Author: Laura Buzo
Publication Date: 8/1/10
Publisher: Allen & Unwin
Blurb (GR): A wonderful, coming-of-age love story from a fresh new voice in YA ﬁction.
'Miss Amelia Hayes, welcome to The Land of Dreams. I am the staff trainer. I will call you grasshopper and you will call me sensei and I will give you the good oil. Right? And just so you know, I'm open to all kinds of bribery.'
From the moment 15-year-old Amelia begins work on the checkout at Woolworths she is sunk, gone, lost...head-over-heels in love with Chris. Chris is the funny, charming, man-about-Woolies, but he's 21, and the 6-year difference in their ages may as well be 100. Chris and Amelia talk about everything from Second Wave Feminism to Great Expectations and Alien but will he ever look at her in the way she wants him to? And if he does, will it be everything she hopes?

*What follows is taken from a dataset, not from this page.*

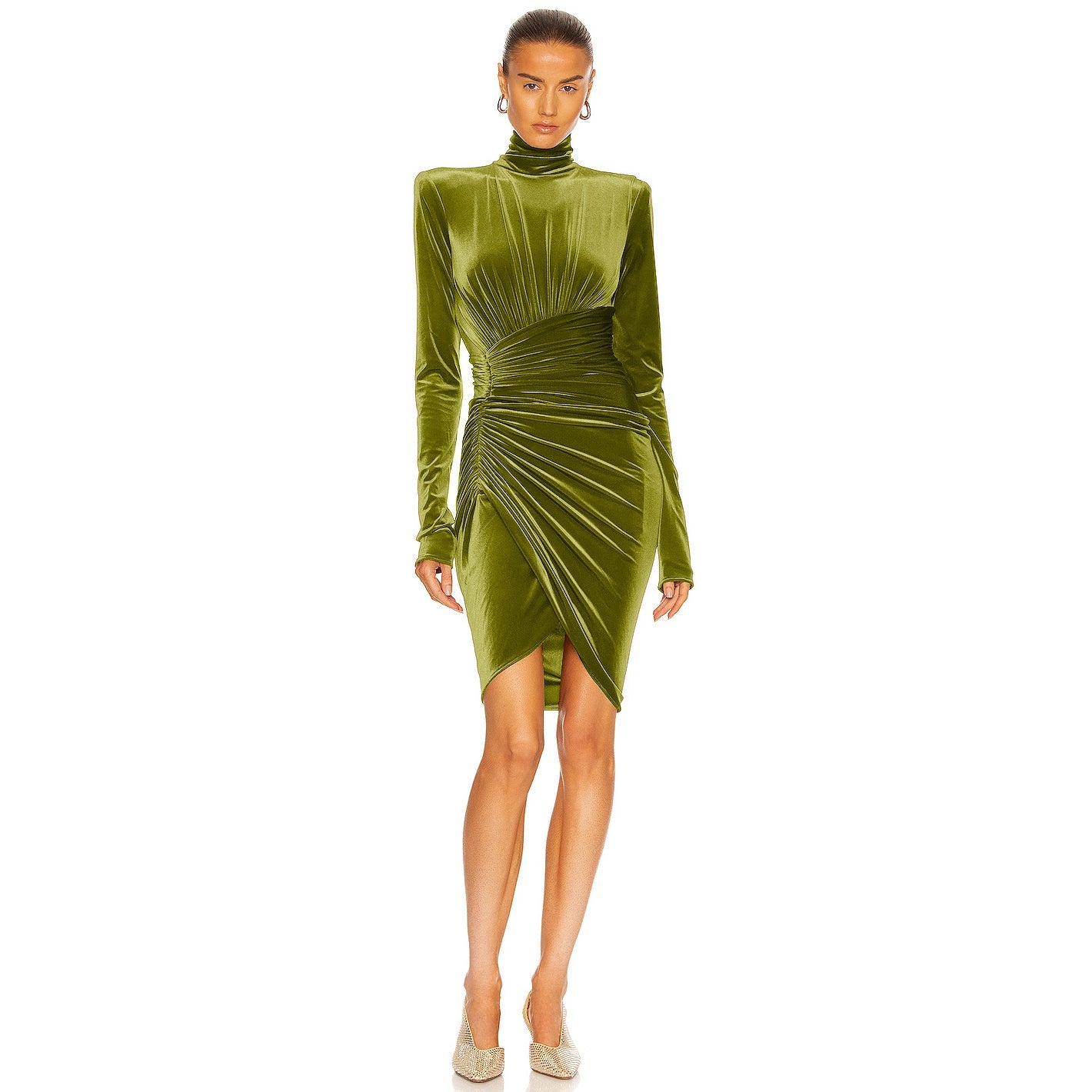 Crushed velvet fabric with front ruched detail.

This book spoke to me like only very few do. It fit me like a perfect glove.
From the opening scenes when 15-year old Amelia is totally in love with and obsesses over her too-old-for-her co-worker Chris (oh, those simultaneously horrifying and sweet K-Mart check-out flashbacks of Justin, cold sweat, mumbling and crimson cheeks); to the humor, in equal parts witty, deprecating and pain-filled (Chris buys a sixpack of beer on the way to Rino’s. James Squire something-or-other. ‘Special treat,’ he says, parting with a twenty-dollar note. ‘You like beer don’t you?’ I hate beer. Hate it. ‘Yeah!’ Oh, well. Love is pain. Or is it beauty is pain? I wouldn’t know about the latter, but the former makes my sternum ache); to the characters - Amelia, naive, idealistic and smart, and Chris - love-torn, scared of his future and indecisive; to the not-friendship-not-love relationship between Amelia and Chris that is refreshingly unique; to the conversations about families, feminism, books, love and life; to, of course, the ending which is a heart-aching perfection in my eyes. I loved it all.
I doubt Good Oil would be everyone's perfect fit, simply because so much of my affection for this book came from the connection to the characters and their peculiar troubles. But it worked wonders for me.